- _TASK GOAL_
Exactly as written, print the lines from the top of the listing through the line containing "PERFECT GIFT AND SURPRISE"; include no pictures.

- _SOURCE DATA_
***
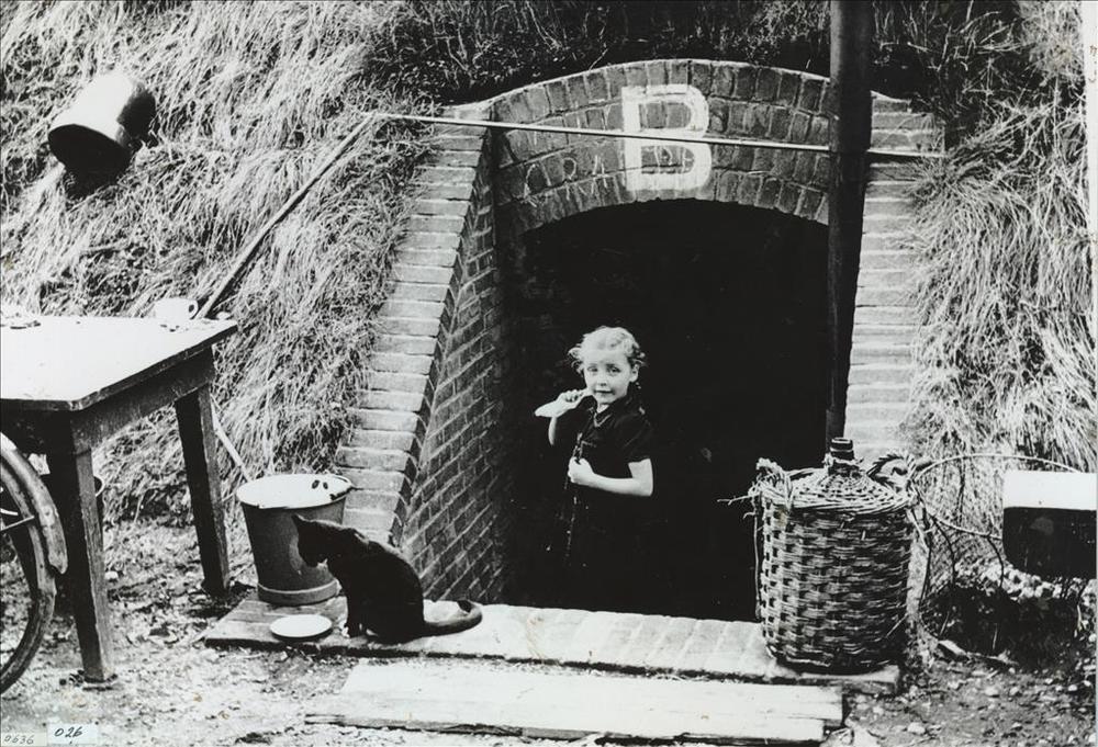 Dia van een meisje voor de ingang van de schuilkelde...
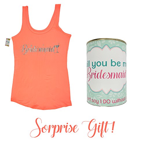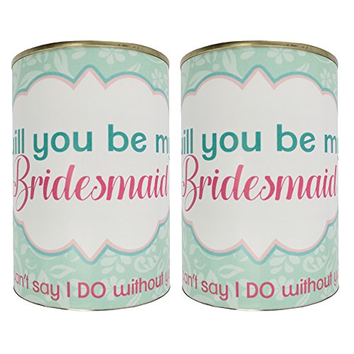 PERFECT GIFT AND SURPRISE FOR YOUR BRIDESMAID. 2 pack of t-shirts inside a sealed can. The can have a message that said " will you be my bridesmaid" "I can´t said i do without you". This is a perfect gift and original way to said to your bridesmaid that is special for you. If you have a large group of bridesmaids and maid of honor, we have in amazon 2 pack of both options and also a white t-shirt for the bride with text "bride", so you can buy all the quantity you need.
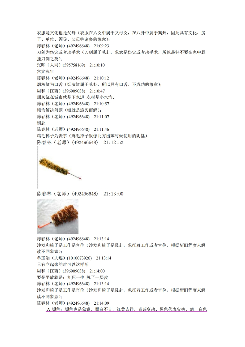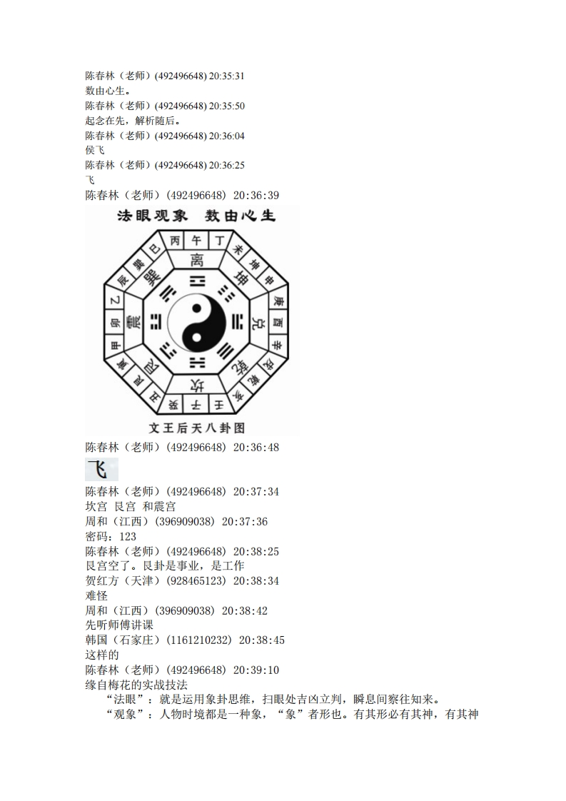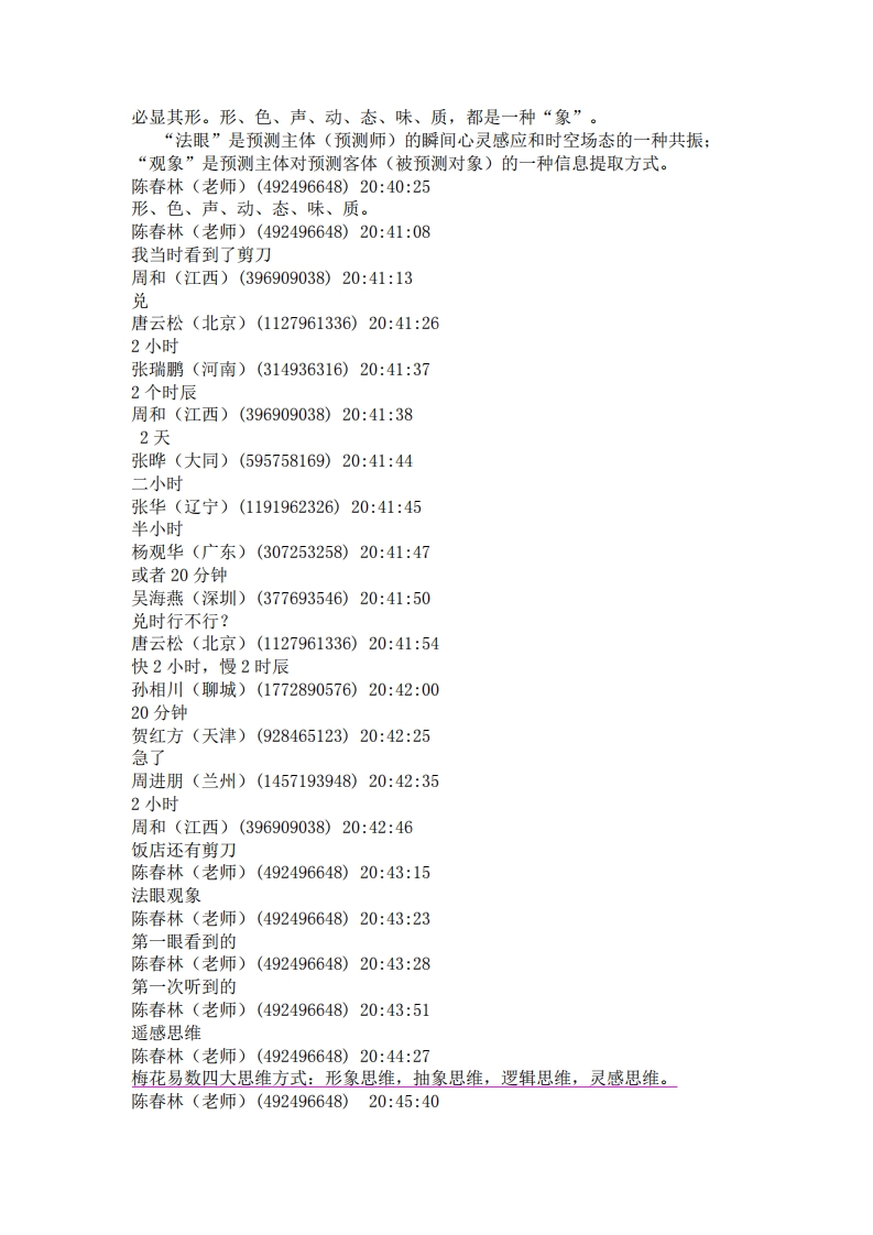 必显其形。形、色、声、动、态、味、质,都是一种“象”。“法眼”是预测主体(预测师)的瞬间心灵感应和时空场态的一种共振:“观象”是预测主体对预测客体(被预测对象)的一种信息提取方式。陈春林(老师)(492496648)20:40:25形、色、声、动、态、味、质。陈春林(老师)(492496648)20:41:08我当时看到了剪刀周和(江西)(396909038)20:41:13兑唐云松(北京)(1127961336)20:41:262小时张瑞鹏(河南)(314936316)20:41:372个时辰周和(江西)(396909038)20:41:382天张晔(大同)(595758169)20:41:44二小时张华(辽宁)(1191962326)20:41:45半小时杨观华(广东)(307253258)20:41:47或者20分钟吴海燕(深圳)(377693546)20:41:50兑时行不行?唐云松(北京)(1127961336)20:41:54快2小时,慢2时辰孙相川(聊城)(1772890576)20:42:0020分钟贺红方(天津)(928465123)20:42:25急了周进朋(兰州)(1457193948)20:42:352小时周和(江西)(396909038)20:42:46饭店还有剪刀陈春林(老师)(492496648)20:43:15法眼观象陈春林(老师)(492496648)20:43:23第一眼看到的陈春林(老师)(492496648)20:43:28第一次听到的陈春林(老师)(492496648)20:43:51遥感思维陈春林(老师)(492496648)20:44:27梅花易数四大思维方式:形象思维,抽象思维,逻辑思维,灵感思维。陈春林(老师)(492496648)20:45:40
***
- _WRITTEN SOLUTION_
 Dia van een meisje voor de ingang van de schuilkelde...
 PERFECT GIFT AND SURPRISE FOR YOUR BRIDESMAID. 2 pack of t-shirts inside a sealed can. The can have a message that said " will you be my bridesmaid" "I can´t said i do without you". This is a perfect gift and original way to said to your bridesmaid that is special for you. If you have a large group of bridesmaids and maid of honor, we have in amazon 2 pack of both options and also a white t-shirt for the bride with text "bride", so you can buy all the quantity you need.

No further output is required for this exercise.